Whow, been a long time. Got to get back to work. Story is still there germinating, blooming. Got a new literary group meeting closer to home now so I’m encouraged to work on my novel and maybe get back to some poetry as well.


It is snowing again, however the days are longer the sun brighter.

The marmot (Alaska’s version of the groundhog) saw it’s shadow

so at least 6 more weeks of winter. There is hope for the new year.

For the return of the wild birds, the rhubarb growing by the house, and the salmon

returning to the rivers.  For now I will sleep a little longer while the darkness prevails.

Dreaming of warmer days and bright sunshine.

Going Home

Kotton and Kudzu

Ann Lyons

            I recently made a trip back south to where I grew up. Back to where roads have names like Booger Hollow, Hog Liver Road, Collard Valley, and Wissahickon Ave. Where Main Street runs north and south and there is an East Ave. and a West Ave. A place a confederate soldier’s statue once stood in front of the county courthouse. Friday’s pastime is attending the high school football game and the players and cheerleaders are the most popular kids in school. It is a place where the fans are loyal and the nearest town’s team poses as rivals. In summer, the game is baseball and parents and grandparents shuffle schedules to make sure their kids get to the practice fields, hoping their kid’s team wins the title for the year. The county fair there continues to be held each fall and competition for a blue ribbon can be fierce. Kids from 4H and FFA show the animals they lovingly cared for all year in hopes of winning a ribbon. The West Ave. Theater still displays movie titles on the marque and as a kid I collected coke bottle caps for admission to a special live show, sometimes the movie would even be a double feature. I miss the old drug store where I could sit at the counter and enjoy a thick milk shake, made fresh and served in a big glass, the metal cup in which it was made left on the counter to top off the glass. Cherry coke was a favorite for some when the kids gathered after school. Now, that store on the corner of Main and West Ave. along with other businesses have given way to antique stores and thrift shops since the peoples’ needs are now fulfilled by the strip malls and superstores. No more dragging main from the A&W on North Main to the parking lot on South Main and back. Kids now have cell phones: texting and tweeting have replaced such social gatherings.

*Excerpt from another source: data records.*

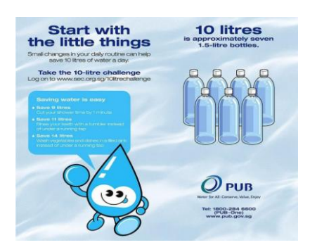
Figure 4. The 10-Litre Challenge [23].

use of 160 liters person per day in 2005 to 154 liters person per day in 2010. Expected continues to decline until 147 liters person per day in 2020.
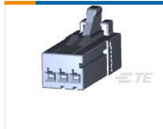
TE Part #2-1318120-3 DYNAMIC D2100 REC HSG 3P SGL Y
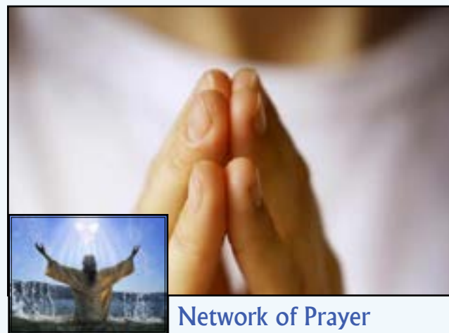
Network of Prayer

Are you in need of prayer or want someone to pray for someone you know, then log on to our new Network of Prayer on Facebook. Here you can put your requests for prayer and also help others by praying for them.
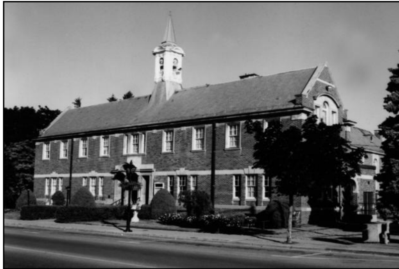
Newcastle Community Hall
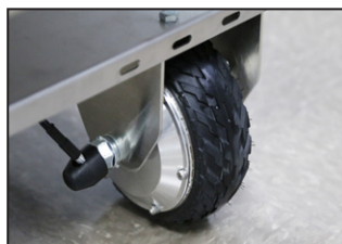
Integrated Hub Motor Wheels
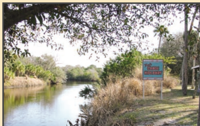
Ray's Canoe Hideaway located on the Upper Manatee River, site #10 on the Gulf Coast Heritage Trail.
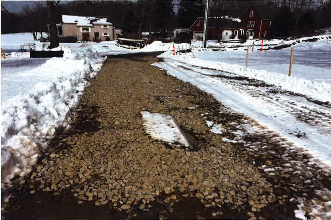
Photo 1: View of tracking pad at construction entrance off Folly Lane.
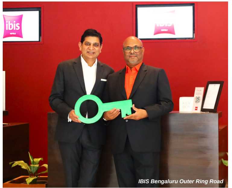
IBIS Bengaluru Outer Ring Road

Both the hotels underwent a lengthy and rigorous process of audit to earn this renowned international certification. The Green Key certification signifies a commitment of the hotels towards the sustainable environment in the hospitality and tourism sector.
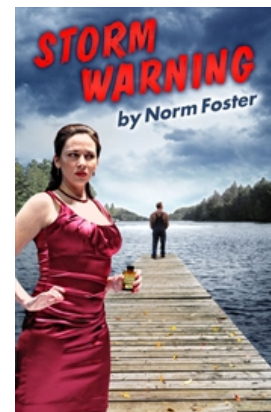
On Aug. 3 to 25, Rose Theatre's Studio space will showcase legendary playwright Norm Foster's Storm Warning. .....

For more information visit www.rosetheatre.ca ( http://www.rosetheatre.ca ) or phone the box office at 905-874-2800.
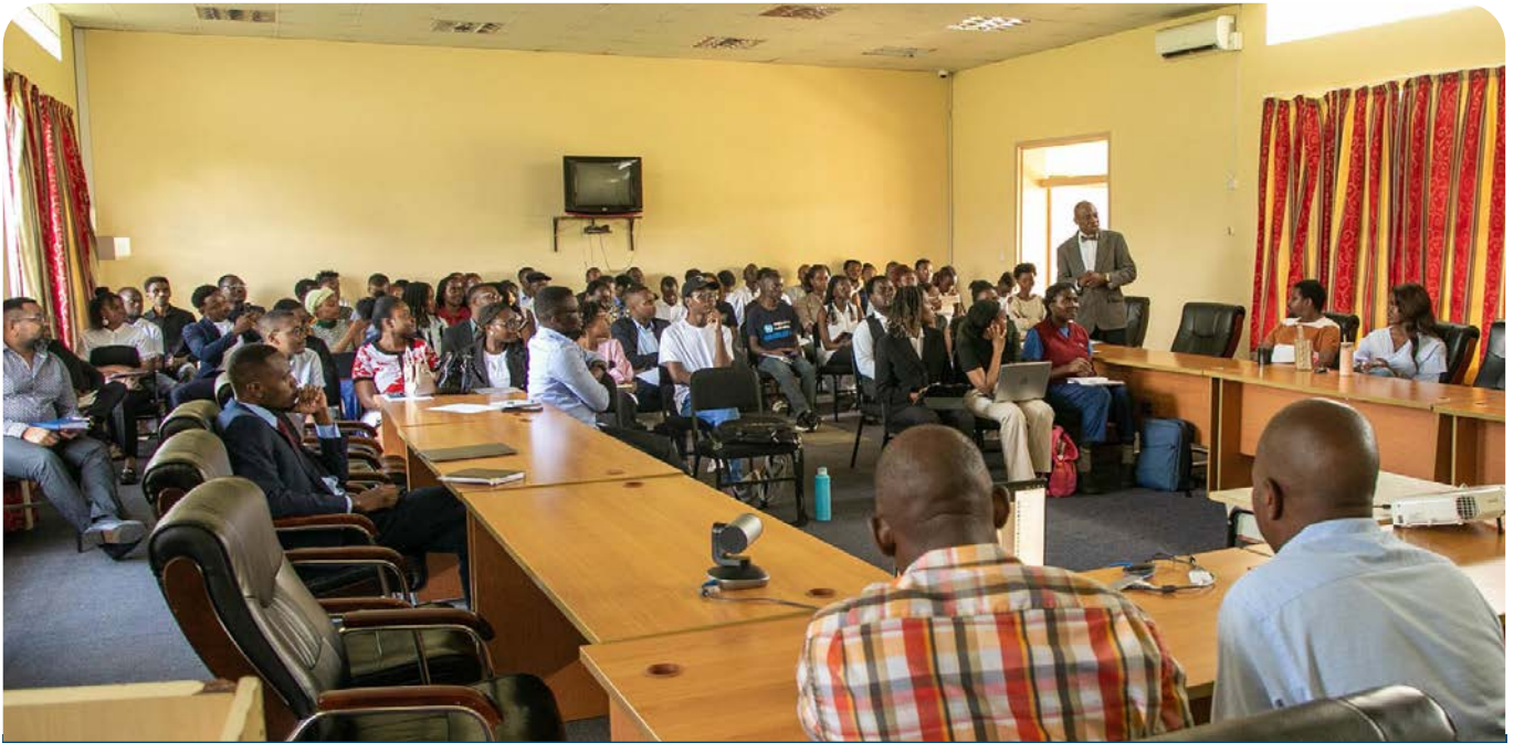
Young legal scholars engaged in discussion.

It is where the loud horn from the mill always sounded at noon but is silent now; only the cement foundation remains now where it burned to the ground. However, bells still ring on Sunday to call the town peoples to church on Sunday. The Baptist, Methodist, Catholic and Holiness Churches represent some of the churches there deep in the Bible Belt.

I returned to a place where the fragrance of wisteria, mimosas and magnolia’s drifted on the humid air, where a ride out of town was now on paved roads and the only dust was from tractors as they plowed the fields. Cotton, once King, still grows in the fields, their white bolls glistening in the hot sun. Rows of corn, potatoes, peanuts and fields of hay dot the landscape. The ever-invasive Kudzu clings to everything, overtaking the roadside bushes and trees. Some entrepreneurs have found interesting ways to use these vines.

Foods gracing the tables include grits for breakfast; and for supper turnip greens, fried green tomatoes, pinto beans and cornbread. It is said you can’t go back and many things do change; but memories remain, and it is still good to go home.